Over the past several weeks, three Superior Court cases have brought a quiet but consequential question into focus: How far does the Arizona Administrative Procedure Act (APA) reach into the Arizona Department of Water Resources’ (ADWR) groundwater decisions? For anyone who plans, builds, finances, or is responsible for approving groundwater-dependent projects, the answer is starting to matter a great deal.
Two of these cases invalidated ADWR rules for the state’s assured water supply program. The other vacated ADWR’s designation of an Irrigation Non-Expansion Area (INA) in the Hualapai Groundwater Basin. All three sharply limit the Department’s regulatory authority under the 1980 Groundwater Management Act.
The Two Assured Water Supply Rulings
The Home Builders Association of Central Arizona (HBACA) brought two challenges to ADWR rules; both landed this spring.
In the first, HBACA v.

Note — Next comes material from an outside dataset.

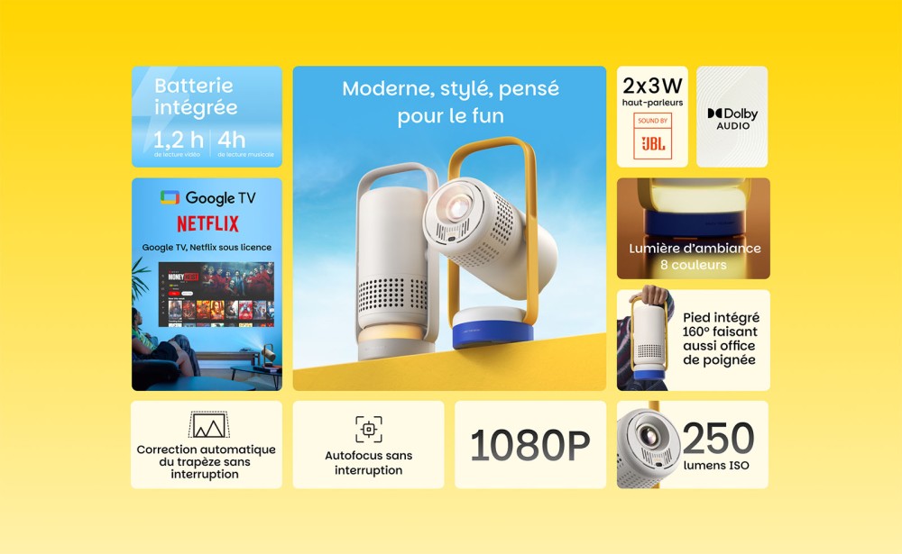 Pour le reste, ce spécimen 1 080p embarque le système d'exploitation GoogleTV (il offre donc un accès direct à Netflix). Il est équipé d’un support orientable à 160° (pour projeter du mur au plafond), de réglages de trapèze et de mise au point automatiques, ainsi que d’une poignée pour le transport. Les fonctionnalités Bluetooth et Wi‑Fi sont présentes, de même pour les ports USB‑C et HDMI. L’autonomie monte à 1,2 heure de lecture vidéo ou 4 heures de musique, et le pic lumineux est donné pour 250 nits.

ADWR (No. CV2025-002623), the court considered two standards supporting ADWR’s position that the Phoenix Active Management Area (AMA) lacks sufficient groundwater to support new groundwater-based determinations. On April 21, 2026, the court ruled that these two standards (the “unmet demand” and “depth-to-water” standards) were rules ADWR had adopted without going through the APA’s rulemaking process. Accordingly, the court invalidated the standards and enjoined ADWR from relying on them when reviewing assured water supply applications. But this defect is procedural, so ADWR could theoretically re-adopt the same rules by following APA procedures.
In the second case, also captioned HBACA v. ADWR (No. CV2025-008701), the court went further. On June 8, 2026, it invalidated A.A.C. R12-15-710(H), a 2024 rule that underpins ADWR’s Alternative Path to Designation of Assured Water Supply (ADAWS) rule. ADAWS was designed to let water providers in the Phoenix and Pinal AMAs obtain a 100-year designation despite the groundwater shortfall. To do so, a provider had to incorporate new alternative water supplies like effluent or Colorado River water, as well as secure an additional increment of that supply—a requirement HBACA characterized as a “water tax.” The court held that this requirement conflicts with A.R.S. § 45-576, which ties an assured water supply only to the “water needs of the proposed use.” This was significant because ADWR’s position regarding groundwater in the Phoenix and Pinal AMAs meant that ADAWS had become the principal path to designation.
Neither ruling is appealable yet. But when they are, ADWR is likely to appeal and may seek a stay. This means that their practical effect will be sorted out in the coming weeks.
The INA Designation
The third case raises similar questions in a different setting. In Opal Investments, LLC v. ADWR (now on appeal as 1 CA-SA 26-0147), the Court of Appeals is weighing whether an INA designation—here, ADWR’s designation of the Hualapai Valley Groundwater Basin in Mohave County—is a “rule” within the meaning of the APA. In January 2026, the Superior Court held that it was and vacated the designation. The Court of Appeals granted ADWR special-action review, and amici (including Mohave County, the State of Arizona, and the Environmental Defense Fund) have lined up to support the Department. Oral argument is currently set for August 25, 2026.
Why It Matters
The common thread is the APA’s expanding role as the battleground for ADWR’s regulatory authority. In one case, the Department was chastised for adopting a rule that conflicts with statute. In the others, ADWR was told that it should have used rulemaking procedures when it did not. All three impede the Department’s ability to restrict groundwater-reliant development.
For public entities, water providers, and private developers, the near-term reality is uncertainty. The analytical framework and alternative-designation route that many projects relied on are off the table for now. Final judgments, appeals, and possible stays will determine for how long. But the courts’ answer to what makes an ADWR action a “rule” may matter most. That standard could shape not only these disputes but the next generation of groundwater decisions across Arizona.